Animal studies support the notion that the developing brain is more susceptible to the acute and chronic effects of exogenous cannabinoids, particularly the hippocampus.112-114 Evidence is building from studies in which animals have been exposed prenatally or during the pubertal/adolescent period, with greater immediate adverse effects on cognition and behaviour observed in comparison to animals exposed during adulthood, as well as such effects persisting into adulthood with no further cannabinoid exposure.10,112-117

Cannabinoid effects are prominent in the hippocampus118,119 and depend on interactions with GABA(A) receptors.120 Further, modulatory mechanisms of the endocannabinoid system on prefrontal cortical and striatal dopamine and glutamate transmission are strongly supported by preclinical evidence.57 In line with human studies, potentiation and antagonism of cannabinoid-induced spatial working memory deficits in rats have also been shown to be dependent on the ratio between THC and CBD.121



There is good evidence now that long-term heavy cannabis use results in cognitive deficits that have been shown to increase as a function of frequency, duration, dose, and age of onset of cannabis use.
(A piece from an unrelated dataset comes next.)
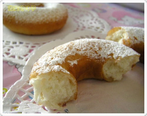 ![]() 甜甜圈大致分为蛋糕甜甜圈和面包甜甜圈,顾名思义,前者是用蛋糕方法,加疏松剂让面团松软,制作方法简单,易学易做.后者将面团发酵,使做成的面包圈具有面包般有嚼劲,是最道地的甜甜圈做法. 材料: A:高筋面粉836克,酵母37克,盐10克,水518克

There is growing recognition that cannabis users are impaired on many of the same types of cognitive tests on which people with schizophrenia are also impaired,14 and recent research has sought to elucidate the neural substrates of impaired cognition during acute intoxication. These research directions will inform the mechanisms by which cannabis may trigger psychotic symptoms or episodes, as the association between cannabis use and schizophrenia is compelling122,123 and considered a significant public health concern. The endogenous cannabinoid system is altered in schizophrenia124,125 but insufficient research has addressed the nature of alterations to this system following chronic cannabis use in otherwise healthy humans.

The endocannabinoid system appears to be unequivocally involved, either directly or indirectly (through interactions with other neuromodulators), in the cognitive deficits resulting from cannabis exposure.57,113 Its dysfunction may be inferred from cannabinoid challenge studies and research with chronic cannabis users. Future research utilising CB1 receptor probes and improved analytic techniques for assessing endocannabinoids in humans125 should enhance our understanding of the role of this system in cognitive impairment. There are individual differences in response to cannabis in the short- and long-term, and understanding what constitutes a susceptibility to greater adverse effects126 must be a priority for further research. Genetic research will inform specific vulnerabilities toward the development of cognitive deficits following exposure to cannabis, as have been identified already in relation to variations in the catechol-O-methyltransferase (COMT Val158Met) gene, involved in regulating dopaminergic transmission and metabolism.127 There is some evidence for structural brain changes in long-term heavy cannabis users and animal research continues to explicate the mechanisms of action of cannabinoids on cognition and brain function. Together, the knowledge gleaned from these studies will inform not only a greater understanding of adverse effects of cannabinoids, but the potential for therapeutic applications of cannabinoids.128 A wealth of integrative data from multimodal neuroimaging studies of humans is expected to provide significant advances in this field in coming years.



The work toward this review was supported by grants from the National Health and Medical Research Council of Australia (459111, 514604 to Dr Solowij). The authors have no conflicts of interest to disclose.